The IRB's remaining employee was the person who had five years of experience working on the same IRB.
"So the highest qualified person in the office turned into the lowest qualified person in the office," De Ville says.
The new IRB staff could talk with investigators, understand their material, know the institutional context of studies, and propose policy changes, he notes.
"I'm really convinced that personnel quality is where this really matters because even with a less than ideal system, you can run an office and work to make the system more perfect," De Ville explains. "In research, regulations are so fact-intensive, and there are judgments that need to be made, so you really need high quality people."
• Change the way the IRB is structured.
The IRB had been operated for years with one employee and a board chairman who was in charge of both the committee and the office, in addition to his clinical duties, De Ville says.
"The chair's duties were too much of an overload," De Ville says.
Under the new format, the IRB was divided into two committees, with one handling behavioral/social science research and the other handling biomedical research.
The existing chairman, who is a professor in pediatric oncology, became the chairman of the biomedical IRB, and the chair for the new behavioral/social science IRB is a full professor in psychology, De Ville says.
"They are both researchers," he adds.
Also, De Ville recruited anthropologists, sociologists, and social science researchers to fill the new IRB's membership. There are some members who serve on both committees, including the chair of the behavioral/social science IRB.
Having a separate biomedical IRB stopped the complaints about the board having English majors review biomedical studies, De Ville notes.
De Ville found it easy to attract new board members: "I'd invite the people who had the most concerns about the committee to become members, and they could have input, and that helped a lot," he said.
The IRB meetings were streamlined, and a wider range of specialties were represented on the new boards, De Ville says.
Also, for some specialties, adjunct board members were recruited. For instance, a trauma surgeon is an adjunct board member who is called to a meeting when emergency research is being reviewed.
"For areas where we didn't have a specialist, such as an endocrinologist, we would sometimes use an in-house consultant," De Ville says.
• Better educate IRB members and make processes more efficient.
The IRB has always used Internet education, but among the changes enacted was providing human subjects research textbooks to all IRB members and having a little education at each board meeting, De Ville says.
"The education piece is decided according to what's on the agenda," he explains. "So if there was an issue related to children on the agenda, then we'd do an education piece about that topic."
For example, De Ville noticed that IRB members had fallen into a habit of dissecting certain wording and phrases, often when these were not important issues.
"What I think happened was the committee members learned from the IRB, so as new members started on the board, they would take up the same habits," De Ville says.
"So the associate director and I would attend every meeting and encourage them to look at the more important issues and not focus so much on capitalizations and upper and lower case styles," he says. "This freed members to look at the real issues instead of style issues."

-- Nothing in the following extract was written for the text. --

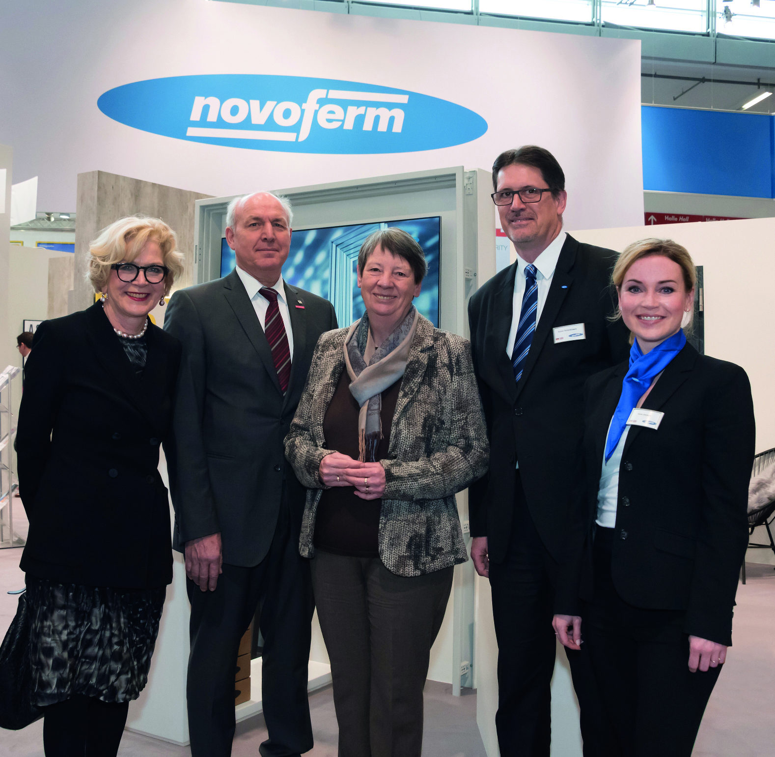Ministra Dr. Hendrickse přivítal a expozici o rozloze více než 820 m2 si prohlédl Rainer Schackmann, předseda představenstva společnosti Novoferm. Informoval ministra o velmi potěšujícím vývoji obchodu, protože na jedné straně roste poptávka v komerční výstavbě i u soukromých uživatelů a na druhé straně firma zaujme svými technickými a estetickými inovacemi a praktickými aplikacemi. Přímo na stánku Novoferm, který byl návštěvníkům přístupný ze všech stran, prezentoval ministrovi výrobky tým zhruba 80 zaměstnanců Novofermu v reálné instalační situaci - doslova praktické řešení, které ukazuje, jak mohou moderní řešení dveří a vrat přispět ke zlepšení kvality bydlení, města a života.

Also, whenever members review a protocol involving vulnerable populations, the IRB staff puts special templates into the minutes, and these templates follow all of the regulatory requirements. This ensures that nothing of importance is omitted from the review, De Ville says.
"So instead of someone saying, 'Yeah, that looks good for kids,' you can see how the board considered each point in the regulations," De Ville adds.
Reference:
- De Ville K, et al. Rejuvenating a foundering institutional review board: one institution's story. Acad Med. 2007;82:11-17.